University employees can “provide condoms for the purpose of helping prevent the spread of STDs and not for purposes of birth control,” the letter said. Walker said the university doesn’t distribute birth control other than condoms.
Planned Parenthood, which supports reproductive rights, attacked the university’s stance, saying that the battle has shifted from abortion to contraception.
“We always knew extremists wouldn’t stop at banning abortion,” Rebecca Gibron, chief executive officer of Planned Parenthood’s regional branch, said in a statement. “They’d target birth control next. The University of Idaho’s announcement is the canary in the coal mine, an early sign of the larger, coordinated effort to attack birth control access.”
Walker noted that faculty and staff are public workers and that Idaho’s laws say no public funds shall be used in any way to promote abortion.
“While abortion can be discussed as a policy issue in the classroom, we highly recommend employees in charge of the classroom remain neutral or risk violating this law,” she said.

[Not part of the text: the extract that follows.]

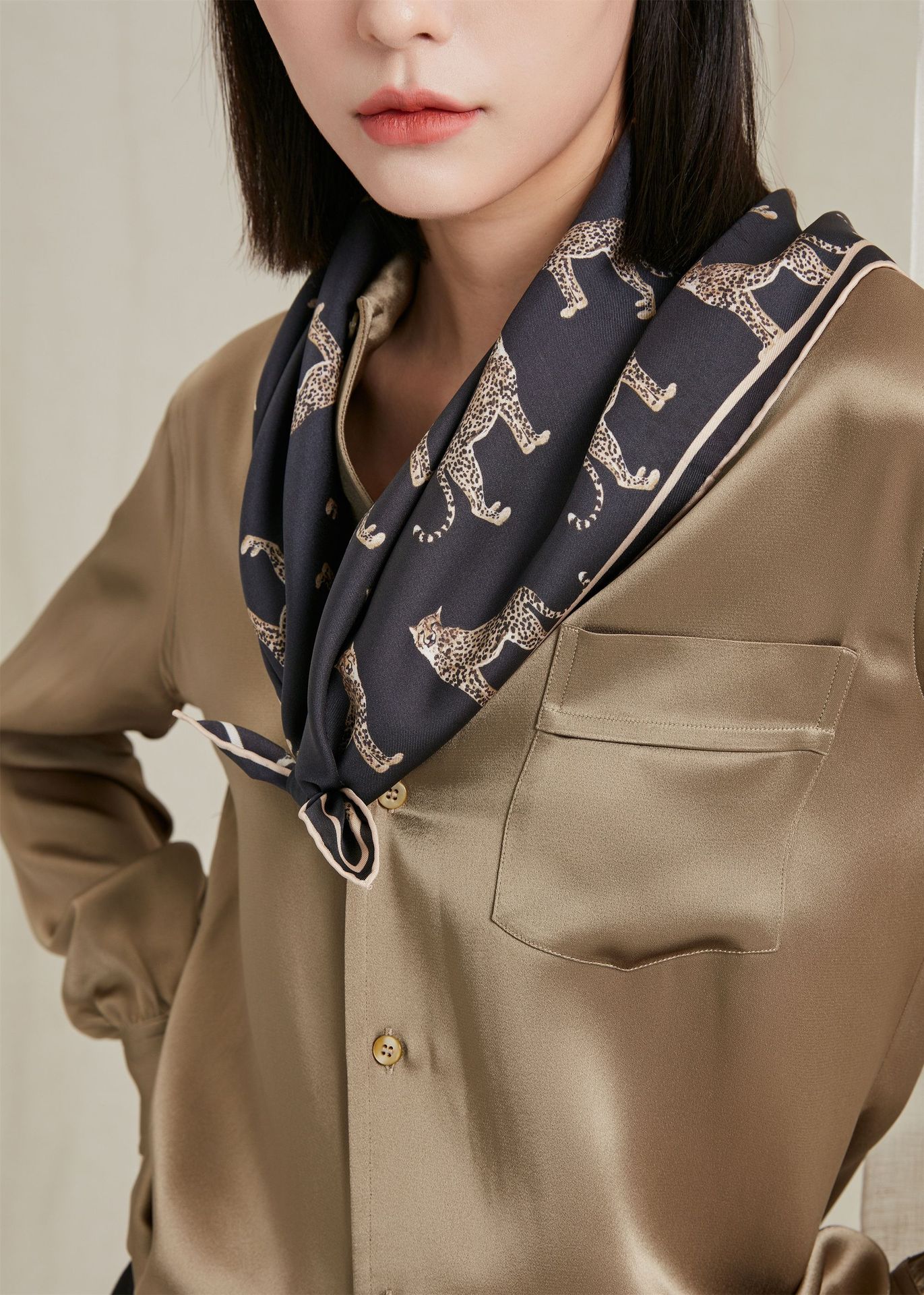 Bufanda de Seda de Morera Nueva Patrón Animal Leopardo Bufanda de Seda Bufanda Cuadrada Temperamento Elegante para Mujer Chal Pequeño Venta al por Mayor

The Idaho Federation of Teachers, which represents professors at the university, is still preparing its response, said Martin Orr, a sociology professor at Boise State University and the president of the organization. The group sees the memo as a threat and is considering its options.
“On the face of it, this looks like a threat to academic freedom,” Orr said. “This is a bigger issue in health science and social work. How do we talk about gender and social issues without going into this? We’re concerned and deciding how to best address it.”
He said Boise State issued similar guidance on Sept. 13 but didn’t prohibit contraceptives on campus.
Boise State spokesman Mike Sharp declined to comment except to send a document distributed by Boise State to staff that includes the advice that state law prohibits counseling in favor of abortion, referring for the procedure and providing facilities or training for abortion.
Idaho’s abortion ban was challenged by the US Justice Department. A federal judge ruled in favor of a motion by the Biden administration, making it legal for doctors to administer an abortion if the woman’s life is threatened. The law also allows exceptions for rape and incest, but bans abortions in all other cases.